[[ DATA SUPPLIED open ]]

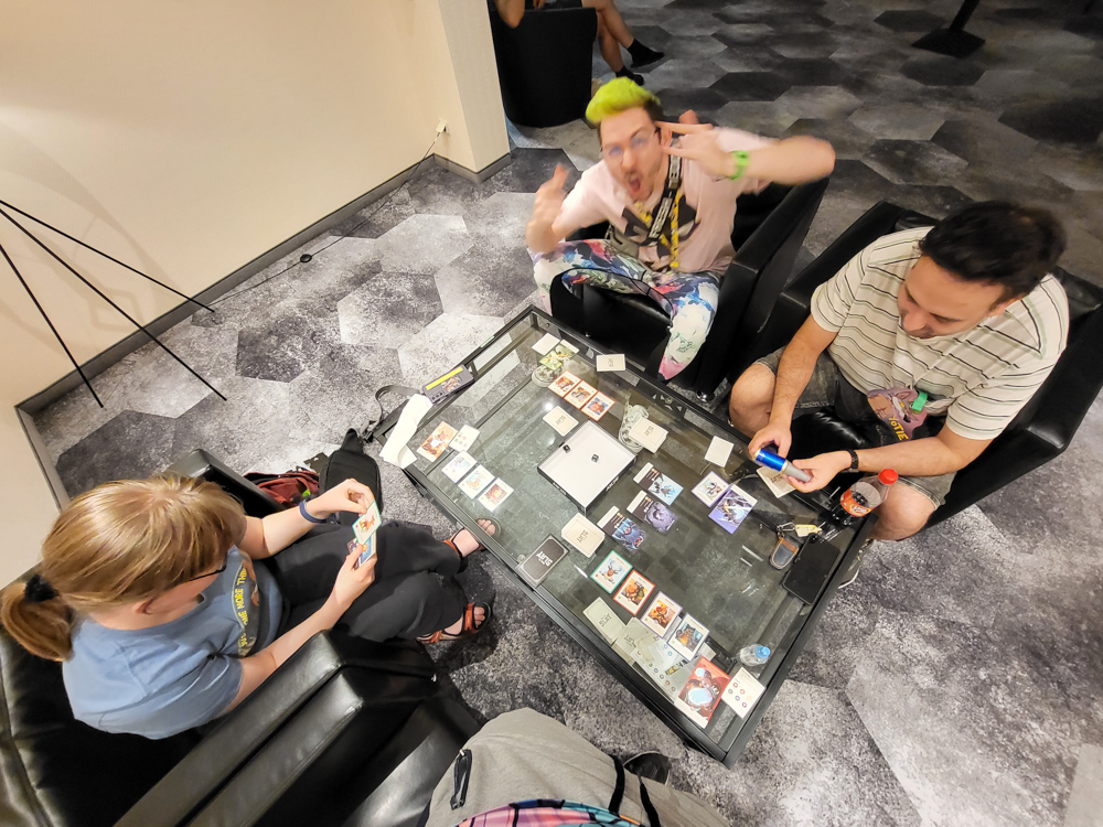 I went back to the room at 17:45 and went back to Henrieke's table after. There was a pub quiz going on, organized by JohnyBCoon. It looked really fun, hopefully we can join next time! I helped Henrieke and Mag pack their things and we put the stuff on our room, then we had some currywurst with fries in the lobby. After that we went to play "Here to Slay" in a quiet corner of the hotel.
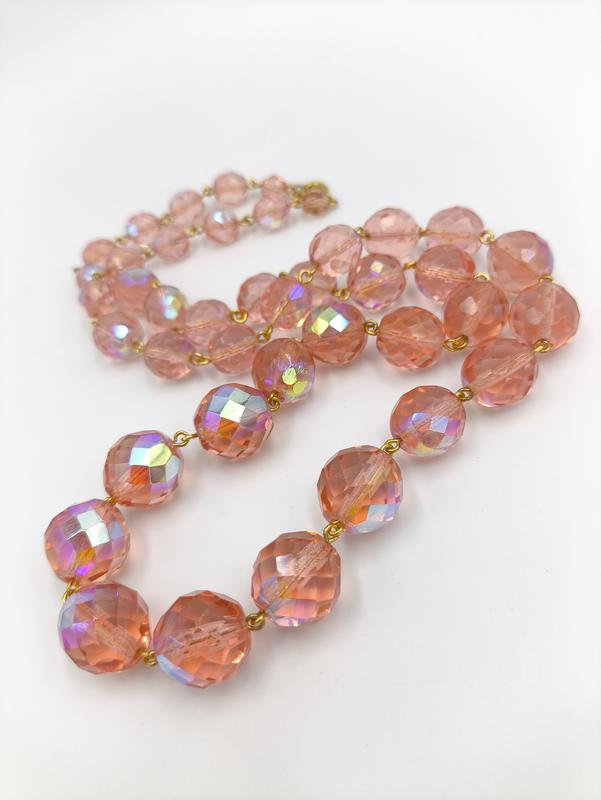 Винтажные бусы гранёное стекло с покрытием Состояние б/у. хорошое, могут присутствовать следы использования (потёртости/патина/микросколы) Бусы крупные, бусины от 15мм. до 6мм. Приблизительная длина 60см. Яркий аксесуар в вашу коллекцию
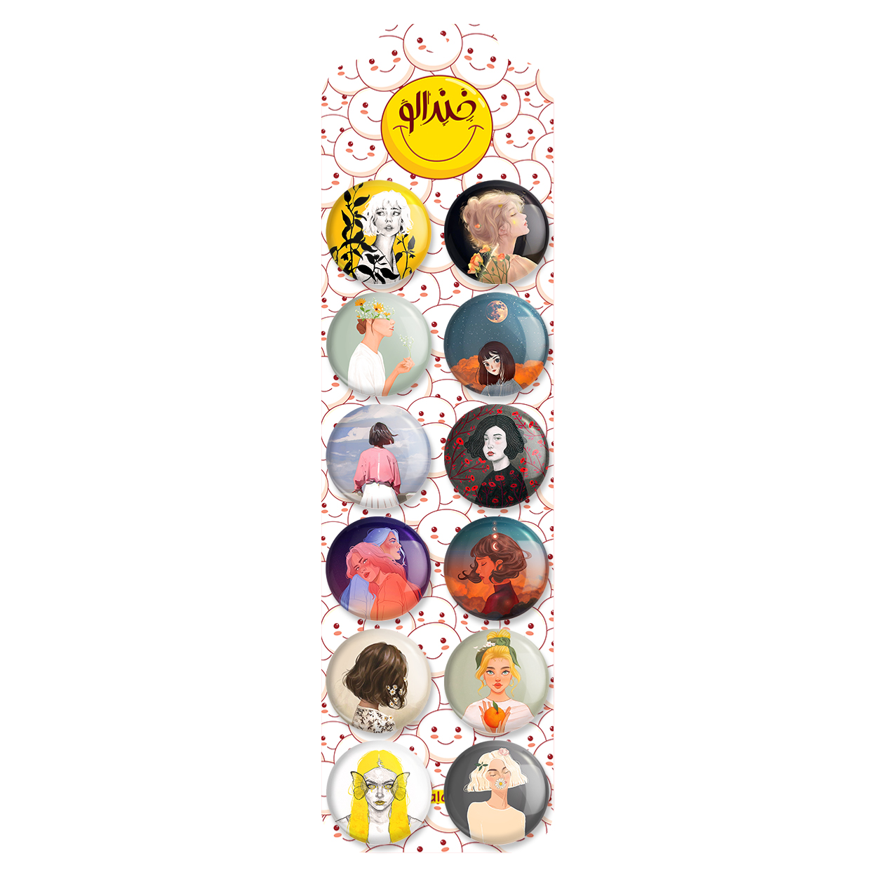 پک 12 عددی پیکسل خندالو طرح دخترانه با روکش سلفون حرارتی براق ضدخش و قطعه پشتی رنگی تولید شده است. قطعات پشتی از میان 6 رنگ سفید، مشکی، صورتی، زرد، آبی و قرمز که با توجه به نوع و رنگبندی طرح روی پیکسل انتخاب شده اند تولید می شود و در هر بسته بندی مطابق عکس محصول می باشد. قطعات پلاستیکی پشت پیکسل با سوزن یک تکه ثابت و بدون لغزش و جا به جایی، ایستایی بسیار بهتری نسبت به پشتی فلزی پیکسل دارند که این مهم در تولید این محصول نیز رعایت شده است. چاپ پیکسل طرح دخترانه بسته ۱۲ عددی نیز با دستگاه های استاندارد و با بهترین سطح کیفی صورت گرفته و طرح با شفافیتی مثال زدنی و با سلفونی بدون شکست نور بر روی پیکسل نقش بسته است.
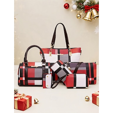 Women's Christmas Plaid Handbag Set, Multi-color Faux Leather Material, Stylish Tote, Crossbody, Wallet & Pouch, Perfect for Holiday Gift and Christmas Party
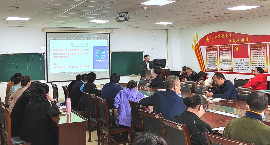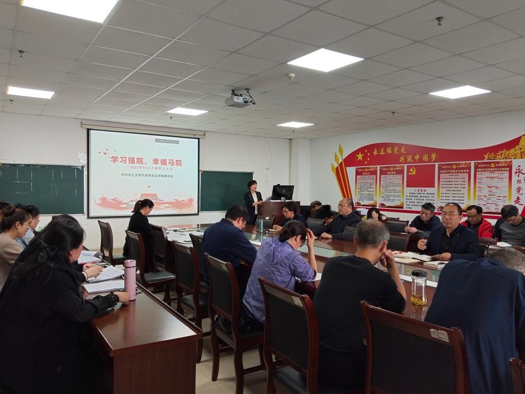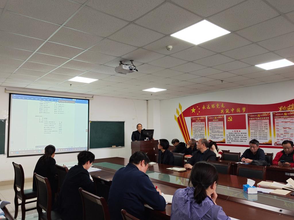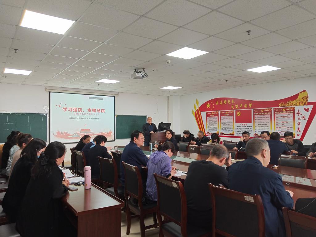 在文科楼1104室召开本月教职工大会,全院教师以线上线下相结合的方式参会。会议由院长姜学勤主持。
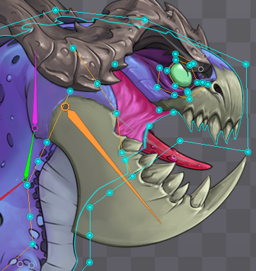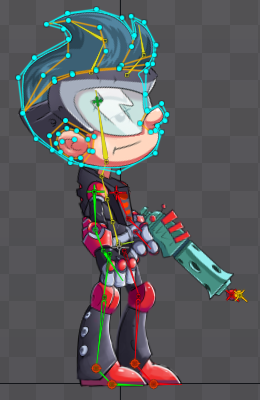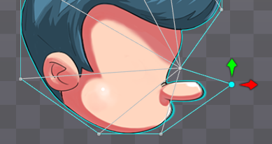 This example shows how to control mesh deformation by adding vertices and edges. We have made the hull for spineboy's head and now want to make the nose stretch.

[[ DATA SUPPLIED closed ]]
[[ DATA SUPPLIED open ]]

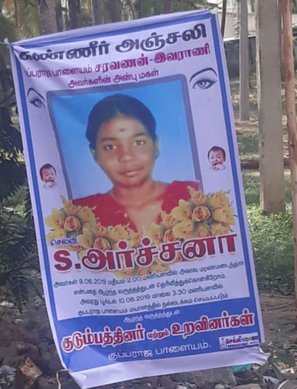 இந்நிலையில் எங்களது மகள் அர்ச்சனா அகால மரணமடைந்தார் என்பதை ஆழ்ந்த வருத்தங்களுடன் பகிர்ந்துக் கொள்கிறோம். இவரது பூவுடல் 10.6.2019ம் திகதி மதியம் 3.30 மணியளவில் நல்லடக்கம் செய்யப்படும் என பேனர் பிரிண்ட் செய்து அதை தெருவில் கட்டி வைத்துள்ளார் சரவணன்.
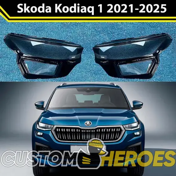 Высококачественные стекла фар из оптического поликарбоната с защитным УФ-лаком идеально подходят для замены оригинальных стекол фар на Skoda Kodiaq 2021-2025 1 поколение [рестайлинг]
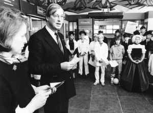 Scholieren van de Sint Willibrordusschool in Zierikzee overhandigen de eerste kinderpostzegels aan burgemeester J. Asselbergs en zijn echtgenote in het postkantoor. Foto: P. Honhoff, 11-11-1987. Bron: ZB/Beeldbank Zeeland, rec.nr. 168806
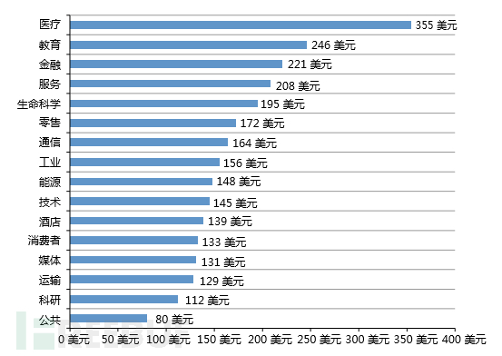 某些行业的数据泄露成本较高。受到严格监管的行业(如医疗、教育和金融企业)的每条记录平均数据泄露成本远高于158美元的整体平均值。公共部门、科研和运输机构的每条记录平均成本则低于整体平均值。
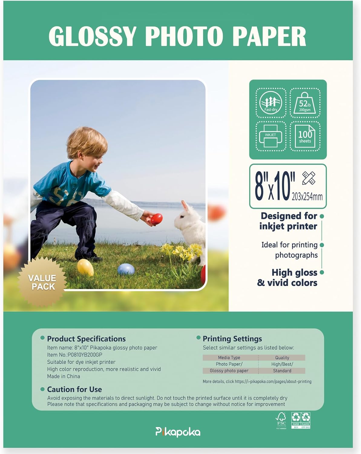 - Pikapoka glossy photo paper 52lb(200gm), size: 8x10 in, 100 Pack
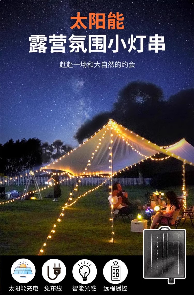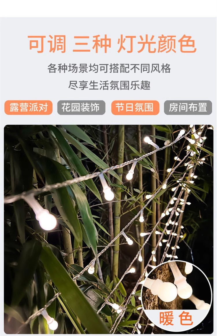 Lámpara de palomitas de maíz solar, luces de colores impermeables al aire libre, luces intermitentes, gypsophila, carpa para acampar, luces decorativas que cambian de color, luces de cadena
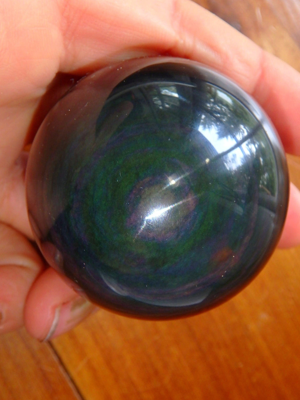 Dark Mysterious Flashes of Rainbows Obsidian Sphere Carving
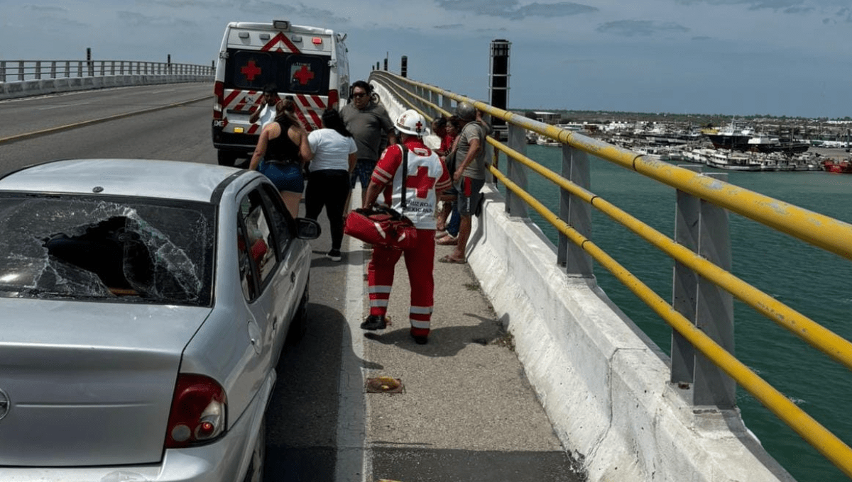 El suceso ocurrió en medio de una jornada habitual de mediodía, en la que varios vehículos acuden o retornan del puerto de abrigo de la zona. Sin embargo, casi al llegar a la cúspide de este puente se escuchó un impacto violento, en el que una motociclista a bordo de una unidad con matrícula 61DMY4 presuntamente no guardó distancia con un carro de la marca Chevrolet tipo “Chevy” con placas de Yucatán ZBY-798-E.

[[ DATA SUPPLIED closed ]]

TASK STATEMENT: Start at the line containing "I went back" above and stop at the line containing "在文科楼1104室召开本月教". Output those lines exactly, both included, but none of the pictures.

ANSWER BELOW:
 I went back to the room at 17:45 and went back to Henrieke's table after. There was a pub quiz going on, organized by JohnyBCoon. It looked really fun, hopefully we can join next time! I helped Henrieke and Mag pack their things and we put the stuff on our room, then we had some currywurst with fries in the lobby. After that we went to play "Here to Slay" in a quiet corner of the hotel.
 Винтажные бусы гранёное стекло с покрытием Состояние б/у. хорошое, могут присутствовать следы использования (потёртости/патина/микросколы) Бусы крупные, бусины от 15мм. до 6мм. Приблизительная длина 60см. Яркий аксесуар в вашу коллекцию
 پک 12 عددی پیکسل خندالو طرح دخترانه با روکش سلفون حرارتی براق ضدخش و قطعه پشتی رنگی تولید شده است. قطعات پشتی از میان 6 رنگ سفید، مشکی، صورتی، زرد، آبی و قرمز که با توجه به نوع و رنگبندی طرح روی پیکسل انتخاب شده اند تولید می شود و در هر بسته بندی مطابق عکس محصول می باشد. قطعات پلاستیکی پشت پیکسل با سوزن یک تکه ثابت و بدون لغزش و جا به جایی، ایستایی بسیار بهتری نسبت به پشتی فلزی پیکسل دارند که این مهم در تولید این محصول نیز رعایت شده است. چاپ پیکسل طرح دخترانه بسته ۱۲ عددی نیز با دستگاه های استاندارد و با بهترین سطح کیفی صورت گرفته و طرح با شفافیتی مثال زدنی و با سلفونی بدون شکست نور بر روی پیکسل نقش بسته است.
 Women's Christmas Plaid Handbag Set, Multi-color Faux Leather Material, Stylish Tote, Crossbody, Wallet & Pouch, Perfect for Holiday Gift and Christmas Party
 在文科楼1104室召开本月教职工大会,全院教师以线上线下相结合的方式参会。会议由院长姜学勤主持。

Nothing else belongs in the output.